Jeremy M. Davis
Assistant Professor of BiologyOlmsted Hall of Biological Sc
Phone: 845-437-7419
- B.S., Biological Sciences, Binghamton University (SUNY)
- Ph.D., Animal Behavior, University of California-Davis
- Post-doctoral Fellow, Center for Insect Science, University of Arizona.
Research Interests
I am broadly interested in individual differences in behavior, particularly in those behaviors related to habitat choice. I focus on two important mechanisms by which an animal’s “natal habitat”—the environment where an animal develops as a juvenile— can affect the habitat decisions it makes as an adult:
Silver Spoon Effects: Differences among habitats can affect the physiology and morphology of animals developing within them.
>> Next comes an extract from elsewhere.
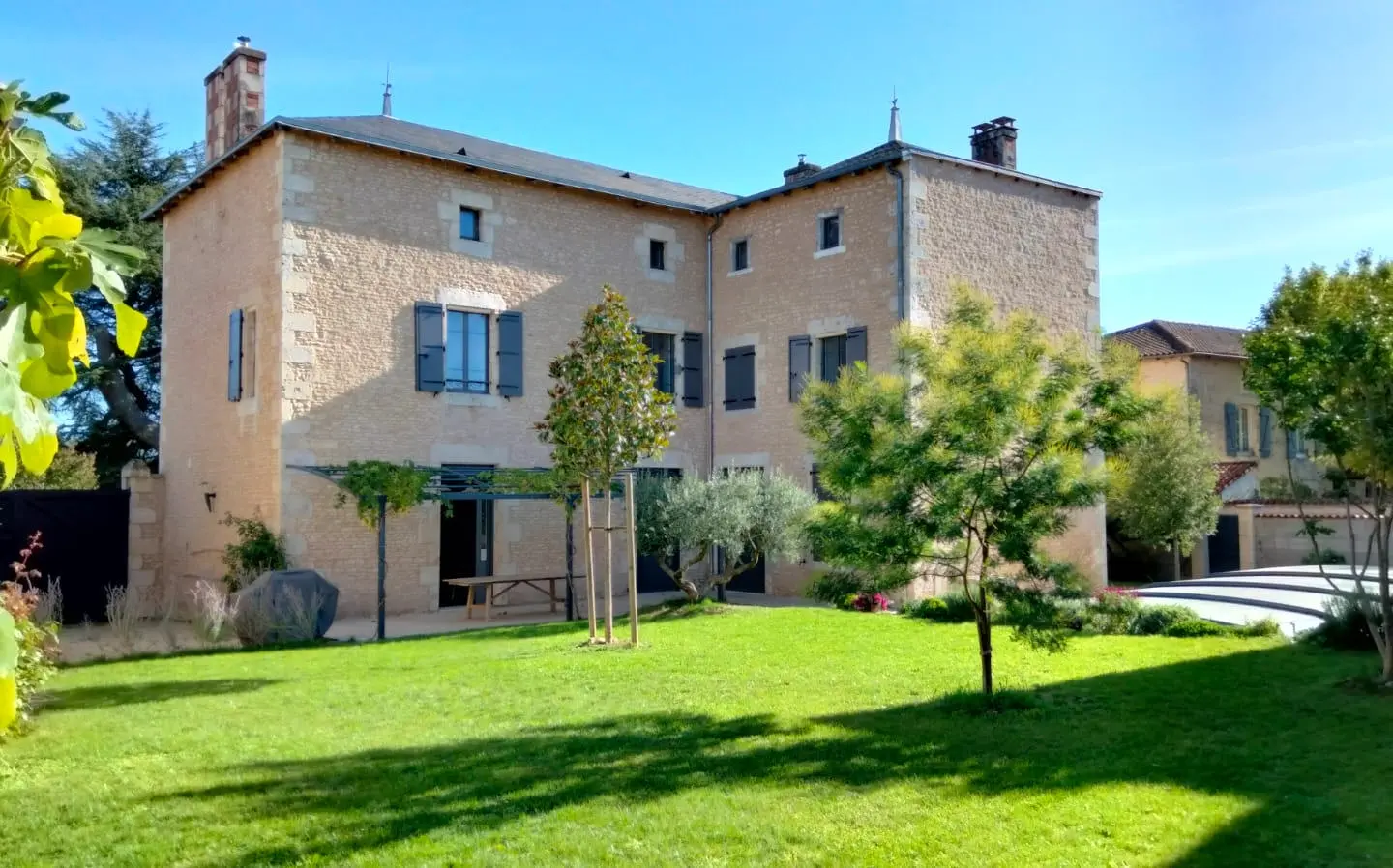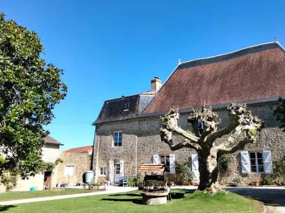 Very rare find, a sensational must-see property. Being new to the market, only recently restored to a very high level. The old stone village farmhouse, with a classic private courtyard with a large pool area, historic old stone dovecote, more rustic outbuildings and shady dining terraces, perfect for entertaining family or guests. In addition, the separate large barn is suitable for classic car collections, the famous circuit automobile du Vigeant is just up the road, all set in the heart of the historic village of Usson du Poitou with shops and restaurants a short stroll away.

Thus, animals from high quality habitats might have physiological and morphological advantages when it comes to finding, defending and/or utilizing new habitats. For example, in my dissertation research, I demonstrated that the first fruit that fruit flies (Drosophila melanogaster) feed upon as adults influences the amount of time they have available to search for their next meal before risking starvation. As a result, flies emerging from low quality fruits are likely accept similarly low quality fruits, while flies from high quality fruits can be choosy about the fruits in which they will feed and breed. More recently, I have been exploring these ‘Silver Spoon’ effects in the walnut fly, Rhagoletis juglandis. In this species, the size of the fly is strongly affected by the size of the walnut in which it developed as a larva. I am currently testing how these size differences influence the ability to use and defend resources.
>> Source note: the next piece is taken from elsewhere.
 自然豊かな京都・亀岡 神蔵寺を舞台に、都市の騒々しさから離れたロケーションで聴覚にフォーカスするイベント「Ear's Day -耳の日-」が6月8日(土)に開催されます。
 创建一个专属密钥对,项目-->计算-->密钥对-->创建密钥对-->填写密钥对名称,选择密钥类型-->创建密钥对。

Preference Induction: Animals frequently demonstrate a preference for resources that they have previously experienced. If this process occurs in the habitat where juveniles are placed by their parents (i.e. in the natal habitat), parents and their offspring will share the same habitat preferences, and thus experience similar selective pressures. Such a pattern can have potentially important evolutionary and ecological implications. However, the degree to which experience affects habitat preferences differs greatly among species. These differences may represent adaptations of the particular natural histories of each species. I use meta-analyses and comparative methods to explore how natural selection results in species differences in how important learning is in habitat and host choices.
I am always interested in working with students who would like to explore these types of questions.
Teaching Interests
In the fall of 2008, I will teach Animal Structure and Diversity (Biology 226). In this course, we will use comparative methods to explore the evolution and development of morphological innovations and while doing so will become familiar with the diversity of animal life and current hypotheses about how different groups of animals are phylogenetically related. In the spring of 2009, I will teach Animal Behavior (Biology 340). In Animal Behavior, we will use the primary literature to discover how scientists currently ask the 4 big questions laid out by one of the founders of the study of animal behavior, Niko Tinbergen: Causation, Development, Adaptive Value, and Evolution.Selected Publications
- Davis, J.M. In Press. Patterns of variation in the influence of natal experience on habitat choice. Quarterly Review of Biology.
- Davis, J.M. 2007. Preference or desperation? Natal experience and variation in breeding site selection in Drosophila melanogaster. Animal Behaviour. 74: 111-119.
- Stamps, J.A. and J.M. Davis. 2006. Adaptive effects of natal experience on habitat selection by dispersers. Animal Behaviour. 72:1279-1289.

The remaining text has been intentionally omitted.